Oklahoma Driver’s License After DUI
Most Frequently Asked Driver’s License Questions Following Oklahoma DUI
1) How much time do I have to request an administrative license suspension hearing with the Department of Public Safety (DPS) following a DUI arrest in Oklahoma?
You have 15 days from the date of notice to request an administrative license suspension hearing with DPS.
2) When will DPS schedule my administrative hearing?
As of June 2016, DPS is taking an average of 12-14 months to schedule hearings.
3) Can I still drive while waiting for my DPS hearing?
Yes—as long as your license is not invalid for any other reason and you requested your hearing within the allotted 15 days, you are legal to drive until you hear further word from DPS or the court.
4) Can I lose my driving privileges as a result of my criminal DUI case?
Yes, a conviction of DUI will result in the loss of your driver’s license.
5) Can I lose my driving privileges in the administrative hearing with DPS even if I win my criminal DUI case?
Yes. DPS essentially gets two shots at taking your license. Even if you win your criminal DUI case, DPS can still revoke your driving privileges through the administrative license hearing. Conversely, you can have a successful DPS administrative hearing but lose your license due to a DUI conviction by the court.

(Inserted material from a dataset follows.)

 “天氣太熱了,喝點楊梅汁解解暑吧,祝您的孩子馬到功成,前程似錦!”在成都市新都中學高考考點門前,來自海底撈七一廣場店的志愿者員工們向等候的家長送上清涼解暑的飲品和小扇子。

6) Can Oklahoma revoke my driver’s license if it is from another state?
Yes and no. Oklahoma DPS can revoke your driving privileges within our state; however, your license will still be valid outside Oklahoma until your home state takes further action. Oklahoma DPS may report the revocation to your home state.
7) Can I get a work permit if my driver’s license is revoked?

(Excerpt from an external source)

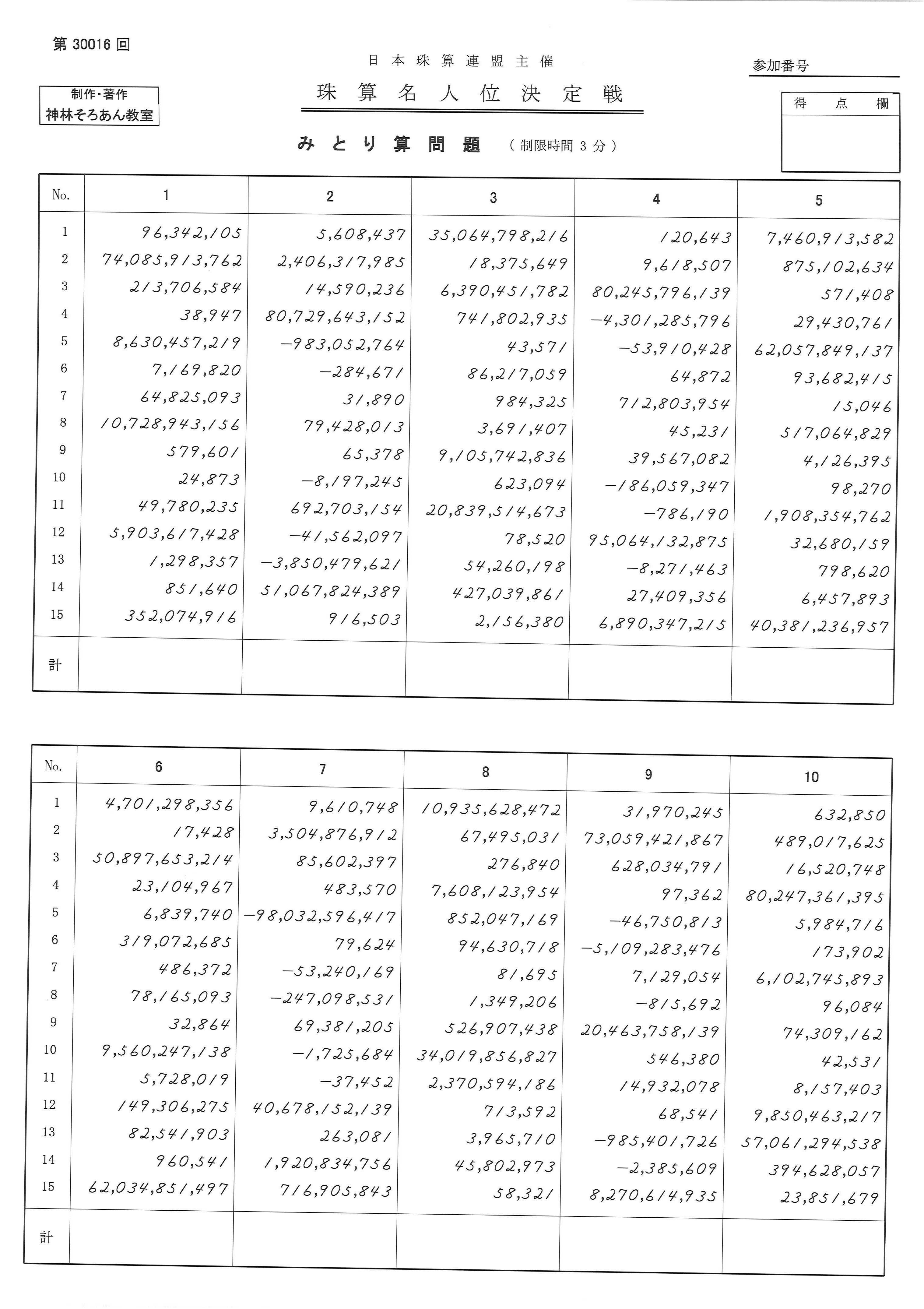 そろばん教室 横浜市神奈川区 横浜市緑区 横浜市西区(横浜駅前)のそろばん教室 藤沢市本鵠沼のそろばん教室七島教室 横浜市神奈川区七島町123 七島交差点脇東本郷教室 横浜市緑区東本郷4-13-31 本郷神社前横浜駅前教室 横浜市西区北幸1-1-8 4階 レンタルスペースみなとみらい教室 横浜市西区高島2丁目11-2 724藤沢教室 藤沢市本鵠沼3-12-30 302ベトナム料理店上教室のインスタはこちら教室のfacebook 教室のHPはこちらゆうゆう散歩 クリック!●日本珠算連盟正会員(会員No.41800240)●フラッシュ暗算検定施行塾〇アバカスサーキット306戦本番問題28日(土)までになります何かの理由により、教室で実施できない人は、メールに問題を添付します。件名 アバカスサーキット本番問題 soroan123@yahoo.co.jpメールを送信してください

Although there is no “work permit” available in our state, you may be eligible for a license modification that would allow you to drive to specified locations as long as you have an ignition interlock deviceinstalled in your vehicle.
8) If my license is revoked, how long will the revocation period last?

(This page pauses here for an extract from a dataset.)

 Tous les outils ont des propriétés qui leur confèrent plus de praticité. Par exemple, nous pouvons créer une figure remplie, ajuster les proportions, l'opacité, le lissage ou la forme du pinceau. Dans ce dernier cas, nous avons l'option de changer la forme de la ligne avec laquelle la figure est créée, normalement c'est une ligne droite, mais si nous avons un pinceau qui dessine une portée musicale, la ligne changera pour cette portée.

The answer depends on a few factors, including any prior drunk driving offenses you have, whether or not you refused the breath test and how high your BAC was alleged to be. Typically, a first-time revocation is for a period of 180 days. If the chemical test showed a BAC of .15% or higher OR if you refused to take the test, there will be an additional 18-month period of restriction following the revocation, during which you must have an ignition interlock device installed in your vehicle.
9) What happens at the DPS administrative hearing?
The DPS hearing officer will question the police officer listed on the officer’s affidavit as well as any witnesses listed, and your attorney will have an opportunity to cross-examine them. Your attorney will present evidence in your defense and argue to have the revocation thrown out. DPS will mail the result to you in the form of a written order approximately 4-6 weeks following the hearing.
10) Do I have to appear at the administrative hearing?
No. In fact, it is generally better that you do not attend the administrative hearing, as the DPS officer can put you under oath and force you to testify.
11) What happens if I lose the administrative hearing?
If you fail to request the hearing within 15 days of your arrest, you will automatically lose your driving privileges. If the DPS officer determines that your license should be revoked, your attorney can appeal to the District Court to challenge the revocation and/or request a modification. If you lose the appeal at the District Court, you have the right to appeal to the Oklahoma Supreme Court.
12) I filed an appeal with the District Court but the case keeps getting continued. Why?
Sometimes a new issue arises during one driver’s license appeal case that could impact several other cases. Generally, the courts will wait to see the outcome of that case before moving forward with other appeals.
13) I have a commercial driver’s license (CDL); am I going to lose it, and if so, for how long?
You will lose a CDL upon conviction in the criminal DUI case or loss of the DPS administrative hearing. In Oklahoma, even a deferred sentence or the payment of any fine or court cost will be considered a conviction as far as your CDL is concerned in a DUI or APC case. A first-time CDL disqualification is for one year; a second disqualification is for life.